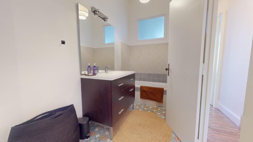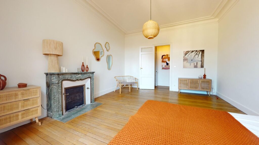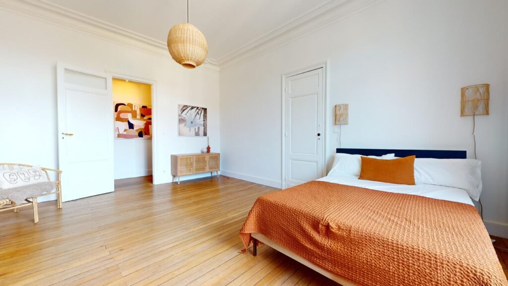 La cuisine est très bien équipée (four, plaques de cuisson, hotte, micro-ondes, lave-vaisselle, placards de rangement, etc.) et s’accompagne d’une table munie de deux chaises et d’un banc. Accolé à cette pièce, le salon est spacieux, lumineux et s’accompagne d’un canapé, d’un ensemble de fauteuils, ainsi que de plusieurs tables basses. De nombreux objets viennent parfaire la décoration, apportant beaucoup de charme au logement. La salle de bain dispose d’un meuble vasque, d’une baignoire, d’un WC et d’une machine à laver. Cet appartement dispose aussi d’une première chambre avec un meuble penderie, d’un canapé convertible et d’un bureau accompagné d’une lampe. Enfin, la seconde chambre aux allures de suite dispose d’un lit double, de lampes murales de chevet, et de plusieurs meubles de rangement.
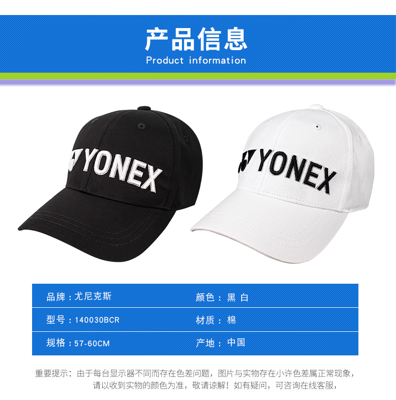 YONEX Yonex 140030 men's and women's caps peaked cap badminton golf outdoor sports tennis baseball
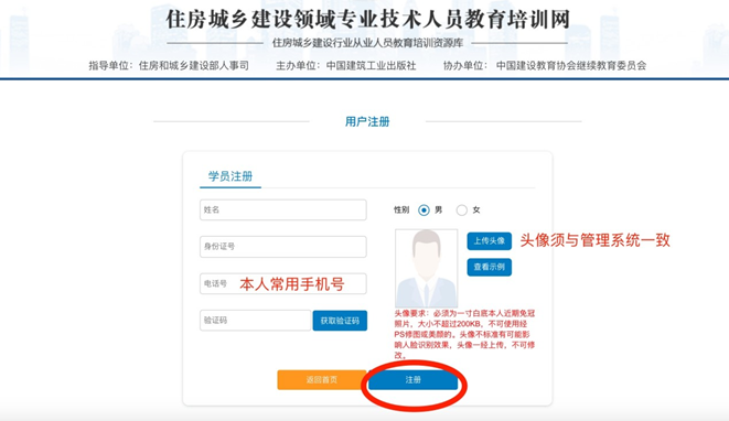 根據(jù)系統(tǒng)提示輸入本人信息,包括姓名、身份證號、常用手機號、獲取驗證碼完成注冊。注冊成功后,系統(tǒng)提示: “注冊成功,用戶名為身份證號,初始密碼為手機號”,建議更換高強度密碼,以防個人信息泄露。(頭像須與管理系統(tǒng)頭像相同)
* * *
Exercise aim
Print the data exactly as written, dropping any images it holds.

Result of this task
 La cuisine est très bien équipée (four, plaques de cuisson, hotte, micro-ondes, lave-vaisselle, placards de rangement, etc.) et s’accompagne d’une table munie de deux chaises et d’un banc. Accolé à cette pièce, le salon est spacieux, lumineux et s’accompagne d’un canapé, d’un ensemble de fauteuils, ainsi que de plusieurs tables basses. De nombreux objets viennent parfaire la décoration, apportant beaucoup de charme au logement. La salle de bain dispose d’un meuble vasque, d’une baignoire, d’un WC et d’une machine à laver. Cet appartement dispose aussi d’une première chambre avec un meuble penderie, d’un canapé convertible et d’un bureau accompagné d’une lampe. Enfin, la seconde chambre aux allures de suite dispose d’un lit double, de lampes murales de chevet, et de plusieurs meubles de rangement.
 YONEX Yonex 140030 men's and women's caps peaked cap badminton golf outdoor sports tennis baseball
 根據(jù)系統(tǒng)提示輸入本人信息,包括姓名、身份證號、常用手機號、獲取驗證碼完成注冊。注冊成功后,系統(tǒng)提示: “注冊成功,用戶名為身份證號,初始密碼為手機號”,建議更換高強度密碼,以防個人信息泄露。(頭像須與管理系統(tǒng)頭像相同)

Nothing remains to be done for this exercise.